Safety, a main goal of memory care communities

As it was already mentioned above, safety is one of the main goals all memory care communities share. Seniors who suffer from Alzheimer's disease often feel uncertain and confused, with the progression of their condition making everything worse. Within a memory care community, they stand a better chance of achieving that sensation of absolute safety. This is because they have access to a safe and secure living environment, with specific measures destined to prevent them from wandering.

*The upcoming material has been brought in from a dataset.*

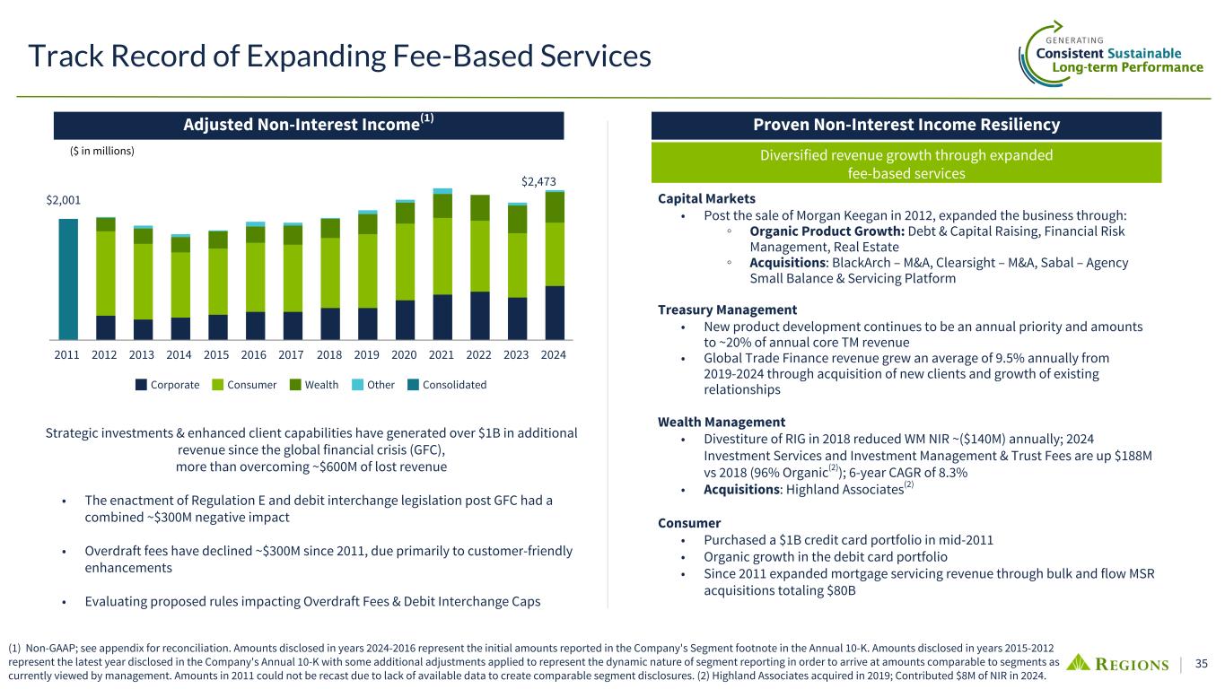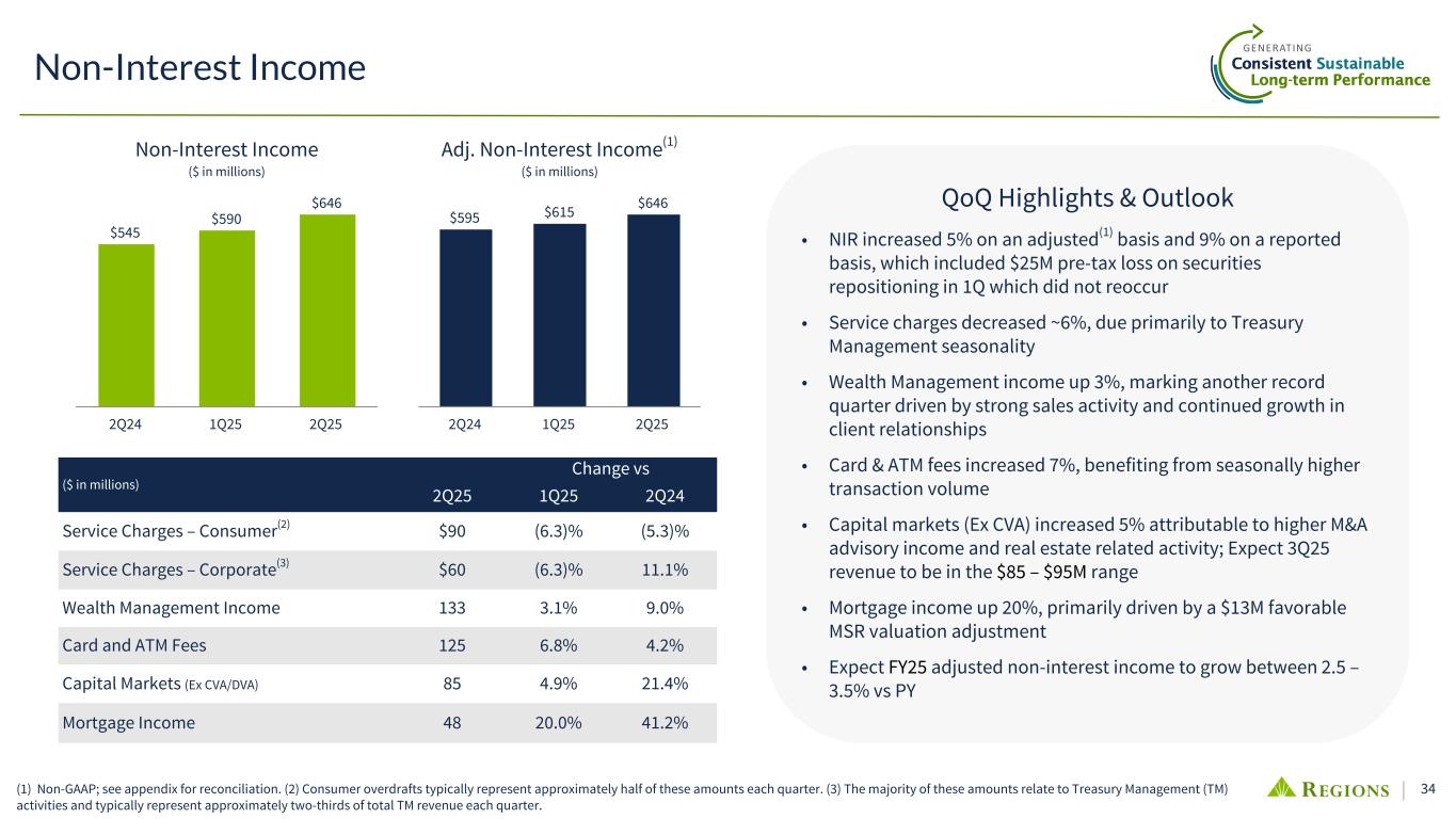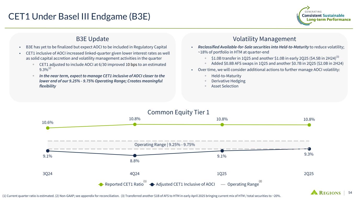33 • AOCI associated with unrealized securities gains/ losses is expected to be included as a part of CET1 once B3E rules are finalized (with phase in) ◦ Given Regions’ long duration deposit base, asset duration strategies will still be needed to mitigate inherent interest rate risk exposure • Various strategies may be implemented to reduce capital volatility in the future, including: • Current AOCI at risk in AFS in +/- 100 shock is ~$730M or ~59bps of CET1, down from ~88bps in Q3 2024 ▪ $7B HTM portfolio ; HTM now ~20% of securities portfolio (pre-transfer amortized cost) ▪ $3.9B Notional of Pay Fixed Fair Value swaps vs securities (mostly offset with Receive Fixed swaps vs loans to maintain desired sensitivity) • Monetizing Held-to-Maturity securities through collateralized deposits Tactic Implementation 1) Held to Maturity (HTM) Designation Migrate AFS securities or add new purchases in HTM Will continue to migrate towards targets over time; timing dependent on rate entry point and regulatory clarity (i.e. timing / HTM treatment); holding elevated capital in interim 2) Shorter Duration AFS Portfolio • Bond selection • More fair value hedging in portfolio (1) (1) Fair value hedging includes pay fixed swaps and other strategies currently in development, with the balance sheet duration likely offset through the addition of offsetting cash flow hedges against floating rate loans. (2) Information as of 06/30/2025; AOCI in CET1 (No AFS Opt Out) includes AOCI related to AFS, HTM and Pension related obligations; Source: Call Reports, RC-R and RC-B. Peer set includes: CMA, CFG,FHN, FITB, HBAN, HWC, KEY, MTB, PNC, SNV, TFC, USB, ZION (3) Total After Tax AOCI excluding CF Hedges as of 06/30/25 Securities Portfolio - AOCI Management Positioned to manage level/exposure lower over time -3.1% -3.1% -2.0% -1.8% -1.6% -1.6% -1.6% -1.5% -1.5% -1.5% -1.4% -1.2% -1.0% 0.1% AOCI in CET1 (No AFS Opt Out) Peer 1 Peer 2 Peer 3 Peer 4 Peer 5 Peer 6 Peer 7 Peer 8 Peer 9 RF Peer 1 0 Peer 1 1 Peer 1 2 Peer 1 3 -4.0% -3.0% -2.0% -1.0% —% 1.0% Adj. AOCI in CET1 as % of Risk Weighted Assets(2) 06/30/2025 5yr UST C E T1 A O C I 9.84% 9.55% 9.41% 9.26% 9.12% 8.97% 8.68%(1,153) (1,520) (1,703) (1,886) (2,070) (2,253) (2,620) CET1 AOCI ($mm) 2.80% 3.30% 3.55% 3.80% 4.05% 4.30% 4.80% 8.00% 9.00% 10.00% (3,000) (2,000) (1,000) — CET1 Including AOCI Sensitivity(3) 06/30/2025

In many centers, residents are required to wear tracking bracelets. These allow the staff to monitor residents and their whereabouts at all times. From a different perspective, it is worth mentioning that these tracking bracelets offer residents more freedom to explore outdoor spaces. The staff can also contribute to a sense of security, helping residents deal with emotional upswings in a healthy manner. Given their experience and knowledge, they are able to handle situations involving hallucinations and paranoia, without anyone getting hurt. This is a significant advantage to consider, particularly when it comes to those who suffer from advanced forms of dementia.